"AI will 3x your development speed" — everyone believed it and adopted it.
So why are project deadlines still slipping?
Everyone believes this
The belief isn't wrong, exactly. In GitHub's Copilot research, developers completed isolated coding tasks — like writing an HTTP server — 55% faster on average. Tasks that took 2 hours 41 minutes without Copilot dropped to 1 hour 11 minutes.
The natural conclusion: "Let's use AI to compress our 70-day project down to 35 days." AI compresses the longest phase in the timeline. Makes sense, right?
But the data points the other way
Google's DORA team published something interesting in 2024. While AI adoption raised individual developer productivity and satisfaction, software delivery stability and throughput actually declined in some cases. Individuals got faster, yet team-level reliability dropped. That's a paradox.
The Theory of Constraints explains it. The core principle: the overall performance of any system is determined by its single slowest step. Speeding up anything that isn't the bottleneck doesn't change total throughput — it just creates a pile of unfinished work before the actual bottleneck.
So here's the real question: "Is 'coding' actually the longest step in your project?"

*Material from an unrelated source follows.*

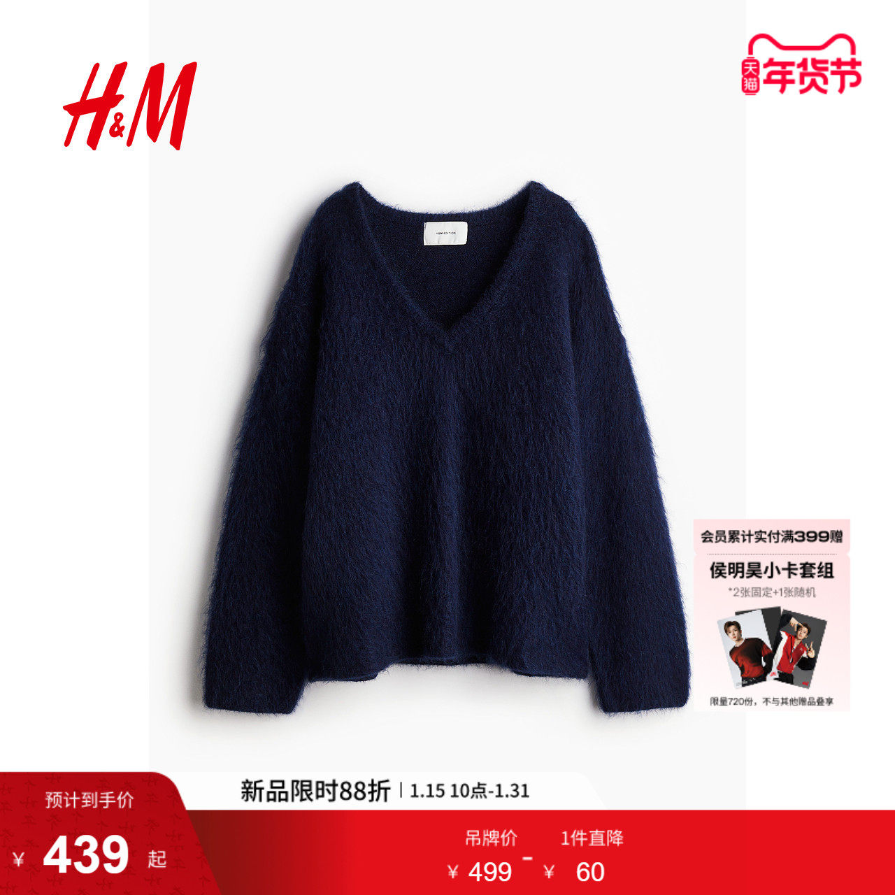 HM女装毛针织衫冬季大廓形V领马海毛羊毛混纺长袖毛衣套衫1248344

Misidentifying the bottleneck
Even if AI cuts coding to near-zero, if requirements clarification takes 6 weeks, your project won't finish in under 6 weeks. That's Theory of Constraints in practice.
What Toyota knew all along
There's a principle that cuts right to this problem: "Bottlenecks must receive predictable, high-quality inputs." It runs through Eliyahu Goldratt's "The Goal" and Toyota's production system alike.
Here's a real-world example. A ticket arrives: "Send an email to the user once the sale is completed". Before a single line of code is written, you need answers to:
- What's in the email? Order number? Expected delivery date?
- What counts as "completed"? Payment authorized? Inventory deducted? Shipping started?
- What happens on failure? Retry? Alert someone?
- Is the order still valid if the email doesn't send?
Without these answers, developers — and AI — must guess or stop to ask. That 55% coding speed boost means nothing if you're stuck here.
Martin Fowler's "Specification by Example" makes the same case: requirements aren't complete until expressed as concrete examples (input → expected output). Same rule applies to AI — vague inputs make AI quickly build the wrong thing.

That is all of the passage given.